Ceramic nanolattices hold up under pressure

Apply a large enough stress to a piece of brittle material and it will break—most likely at a preexisting flaw or weak spot. Flaws thereby reduce the fracture strength of real materials relative to their theoretical maxima, sometimes by orders of magnitude. That reduction can be well predicted by the expected statistical distribution of flaw sizes, which depends on the sample’s size.

Reduce the sample’s dimensions below a micron or so and the picture changes. Submicron single crystals of metal or ceramic, whether they contain flaws or not, are much stronger than their bulk counterparts. ¹ Furthermore, a submicron sample is no more likely to break at a flaw than anywhere else. The reasons for that size effect remain unclear. But it’s been noted that fracture-resistant biomaterials—such as shells, bone, and tooth enamel—are made up of just such submicron mineral crystals embedded in a protein matrix. ² (For more on the structure and properties of bone, see the article by Rob Ritchie, Markus Buehler, and Paul Hansma, Physics Today, June 2009, page 41 .) The secret of their strength may lie in the size effect.

Now Julia Greer and colleagues have taken a step toward exploiting the size effect to produce strong, lightweight materials. ³ They fabricated lattices with submicron dimensions, such as the one shown in figure 1, made up of hollow struts of titanium nitride, a brittle ceramic. Under deformation, the lattices exhibited material properties close to the theoretical limit for TiN.

Smaller is stronger

Two years ago researchers at HRL Laboratories in Malibu, California, and their collaborators (including Greer) developed a technique for building hollow metal lattices. ⁴ (See Physics Today, January 2012, page 13 .) Those lattices had some extraordinary material properties—most notably, their ultralow density. But their unit cells had dimensions of hundreds of microns to millimeters, far too large to exhibit the size effect.

Greer and colleagues used similar techniques to construct their TiN lattices, with some important modifications to allow them to reach a 100-times-smaller size scale. First, to produce a polymer scaffold using a negative photoresist (a liquid polymer that hardens when exposed to bright light), they programmed a computer-controlled focused laser to “draw” the desired three-dimensional structure in the liquid photoresist. Then they deposited alternating monolayers of titanium and nitrogen onto the scaffold to form a 75-nm layer of TiN. Finally, they etched away the polymer scaffold using an oxygen plasma treatment.
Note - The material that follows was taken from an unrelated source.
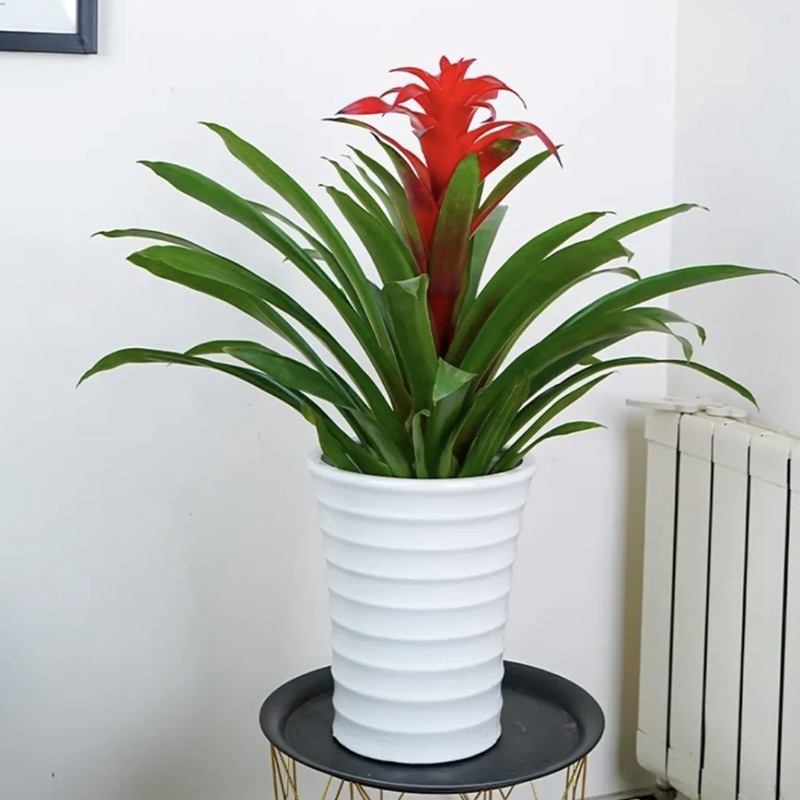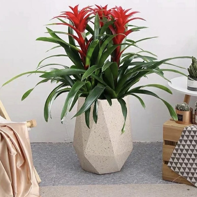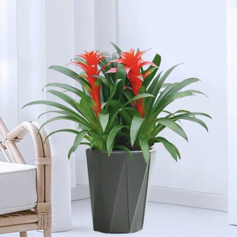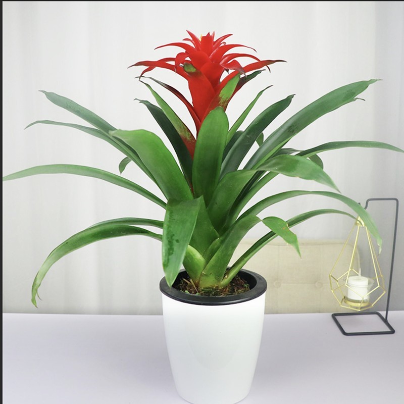 由三组植物构成,“鸿运当头” 通常指凤梨科植物,其花朵颜色鲜艳似火,摆放在室内能带来热闹喜庆的感觉,寓意好运来临。

To test the strength of their TiN lattices, the researchers applied a compressive load while observing the system with a scanning electron microscope, as shown in figure 2. When an octahedral lattice was distorted until it broke, it exhibited a tensile strength of 1.75 GPa. (Even though the lattice as a whole was compressed, the failure occurred in a component that was under tension.) In comparison, the theoretical tensile strength for flawless TiN is estimated to be 3.27 GPa. Typical real bulk samples of TiN and other brittle ceramics have tensile strengths in the tens to hundreds of megapascals.

Furthermore, unlike bulk TiN, the lattices could bend significantly without breaking and spring back nearly to their original shape, even after 30 cycles of deformation. “Ceramics are not supposed to do that,” says Greer. “Imagine a piece of chalk that was bending and deforming and never breaking!”

The Caltech researchers are continuing to experiment with different lattice structures and materials, but so far their lattices are just 100 µm or so on a side. Drawing the lattice into the photoresist with a single focused laser gives them a lot of flexibility in the structures and dimensions they can achieve, but it doesn’t lend itself to mass production. As Greer explains, “That is the biggest roadblock” to developing engineering materials that capitalize on the size effect. “What someone needs to do now is develop a manufacturability route.”